Begin with the line holding "Grande lampada da" and end with the last line of the records below. Set down exactly those lines and leave out every picture.

------------------------------------------------

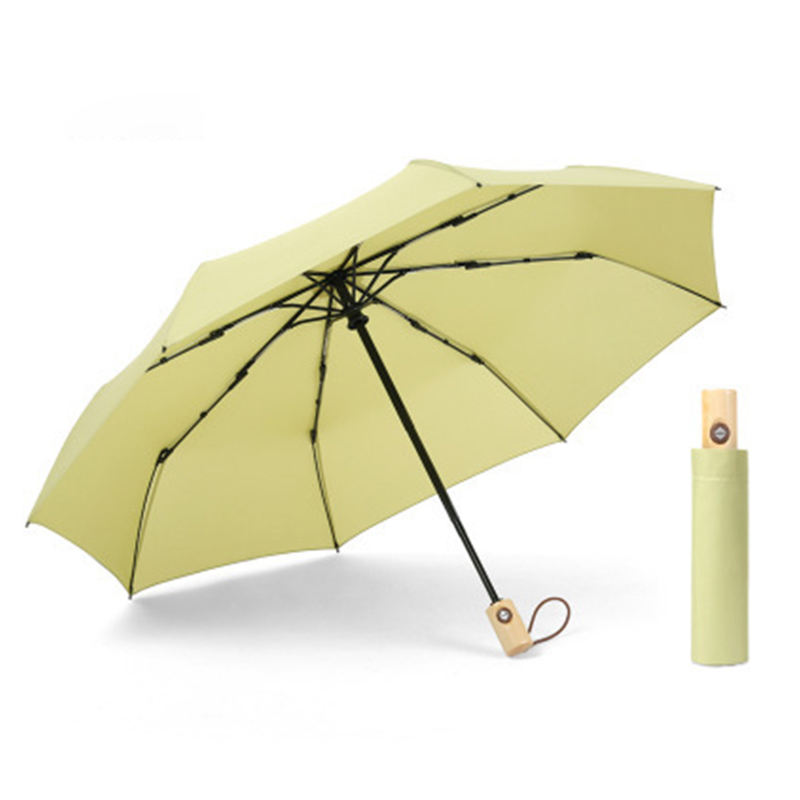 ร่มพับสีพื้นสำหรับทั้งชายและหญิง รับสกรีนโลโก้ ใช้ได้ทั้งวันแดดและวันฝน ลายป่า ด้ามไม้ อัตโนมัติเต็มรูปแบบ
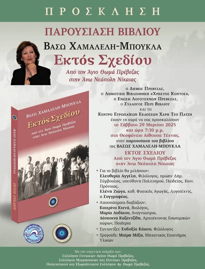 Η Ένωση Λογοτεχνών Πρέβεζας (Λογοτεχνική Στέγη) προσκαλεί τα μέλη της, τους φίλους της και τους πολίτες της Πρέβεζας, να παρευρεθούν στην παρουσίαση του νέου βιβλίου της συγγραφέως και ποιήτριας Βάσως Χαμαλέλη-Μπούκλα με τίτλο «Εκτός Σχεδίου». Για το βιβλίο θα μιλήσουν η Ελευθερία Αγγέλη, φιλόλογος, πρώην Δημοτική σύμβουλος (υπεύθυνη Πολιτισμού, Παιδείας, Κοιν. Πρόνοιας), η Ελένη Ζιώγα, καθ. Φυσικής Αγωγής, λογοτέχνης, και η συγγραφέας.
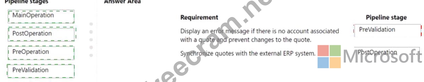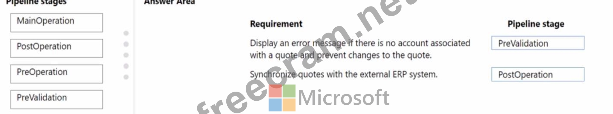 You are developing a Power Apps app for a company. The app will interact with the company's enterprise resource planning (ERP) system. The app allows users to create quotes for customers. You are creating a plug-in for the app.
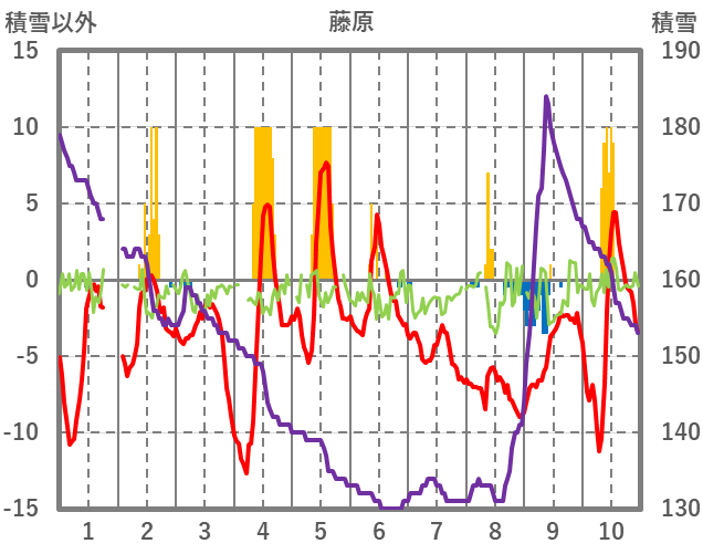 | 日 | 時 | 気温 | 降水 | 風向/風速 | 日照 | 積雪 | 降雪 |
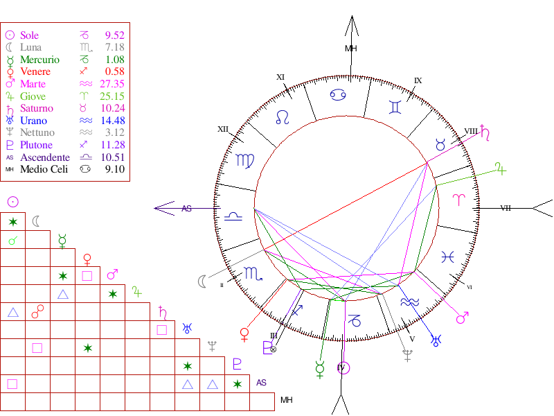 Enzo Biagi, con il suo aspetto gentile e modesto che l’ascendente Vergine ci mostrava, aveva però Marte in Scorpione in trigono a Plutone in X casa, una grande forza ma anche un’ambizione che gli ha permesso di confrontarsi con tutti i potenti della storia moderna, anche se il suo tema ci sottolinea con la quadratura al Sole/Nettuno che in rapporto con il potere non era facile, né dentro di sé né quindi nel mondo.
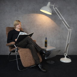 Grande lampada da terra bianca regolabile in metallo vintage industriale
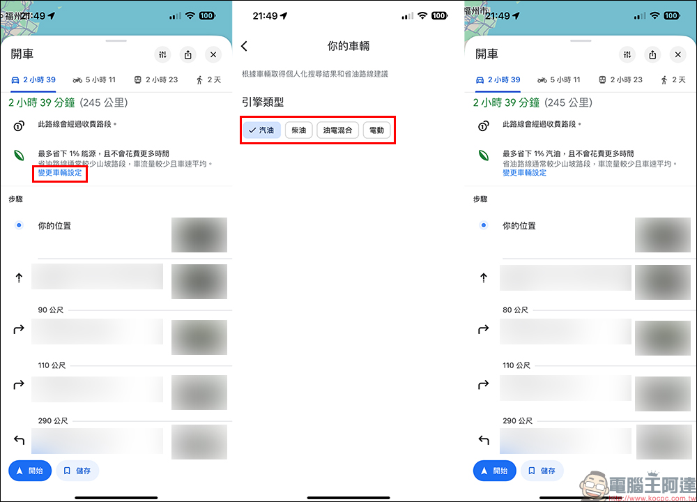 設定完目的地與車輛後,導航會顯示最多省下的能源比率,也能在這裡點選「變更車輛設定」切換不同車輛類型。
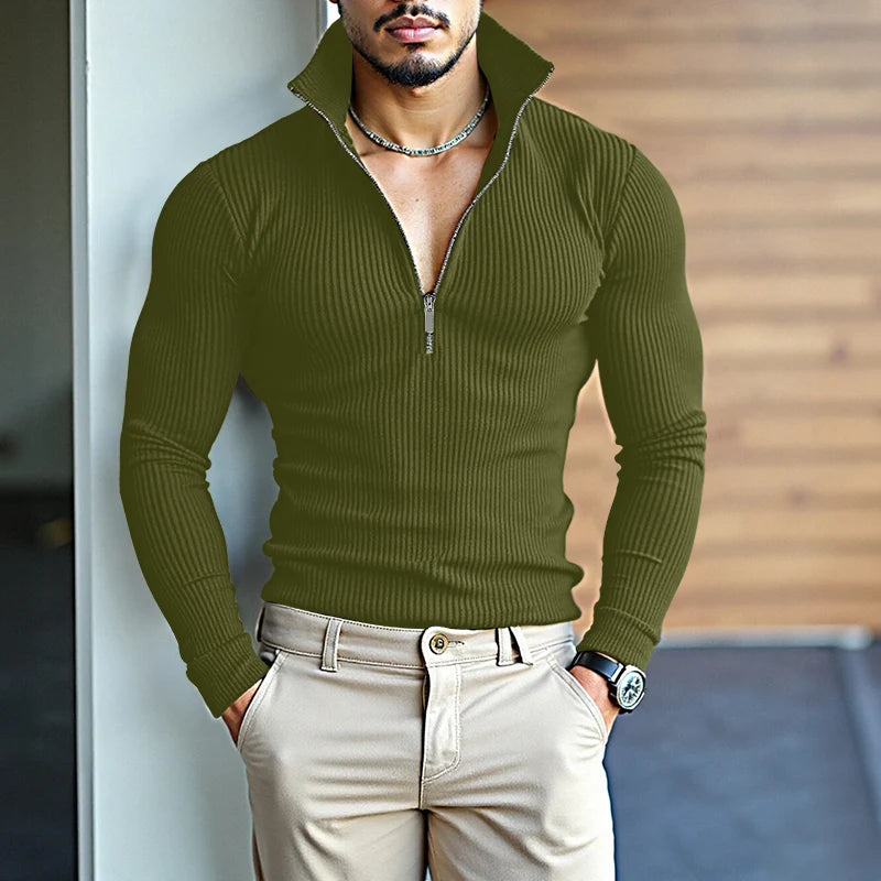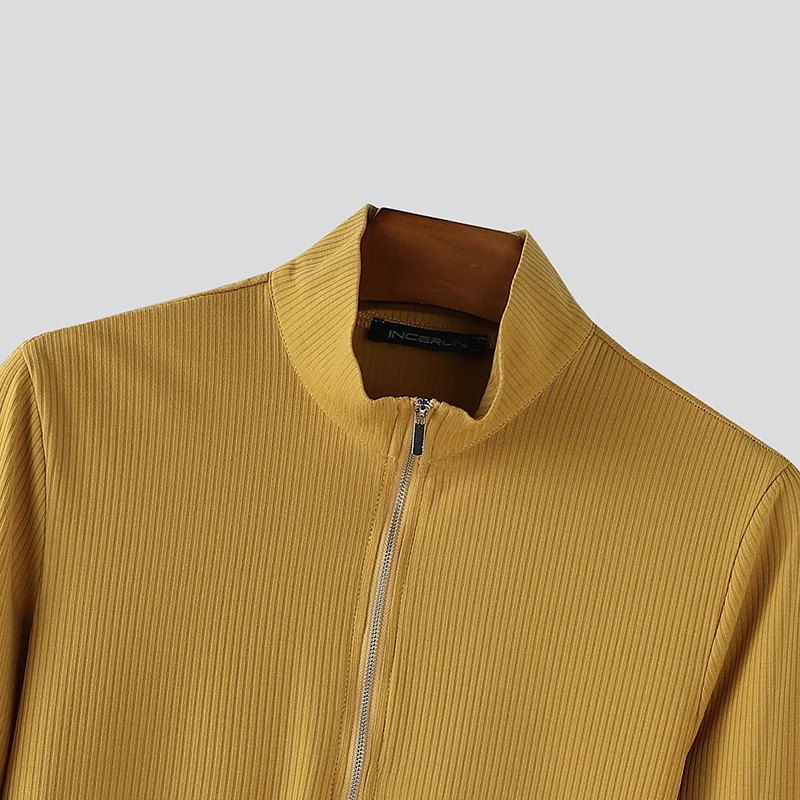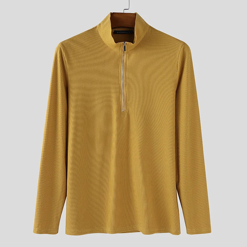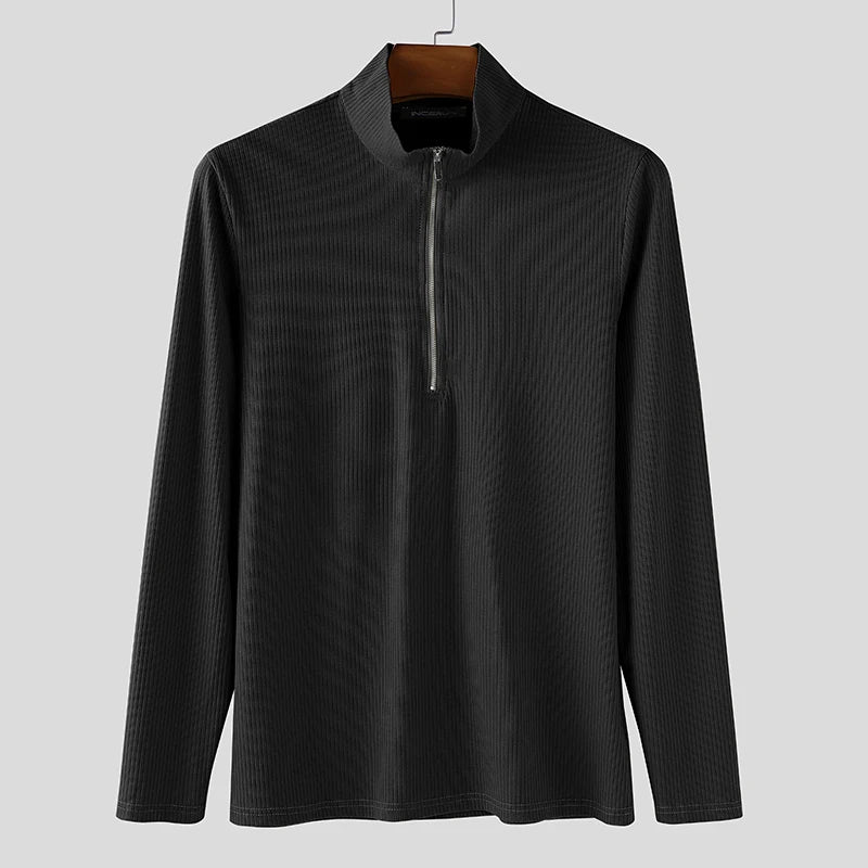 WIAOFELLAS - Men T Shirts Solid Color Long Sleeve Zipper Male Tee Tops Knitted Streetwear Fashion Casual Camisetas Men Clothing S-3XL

------------------------------------------------

Reply to the task =
 Grande lampada da terra bianca regolabile in metallo vintage industriale
 設定完目的地與車輛後,導航會顯示最多省下的能源比率,也能在這裡點選「變更車輛設定」切換不同車輛類型。
 WIAOFELLAS - Men T Shirts Solid Color Long Sleeve Zipper Male Tee Tops Knitted Streetwear Fashion Casual Camisetas Men Clothing S-3XL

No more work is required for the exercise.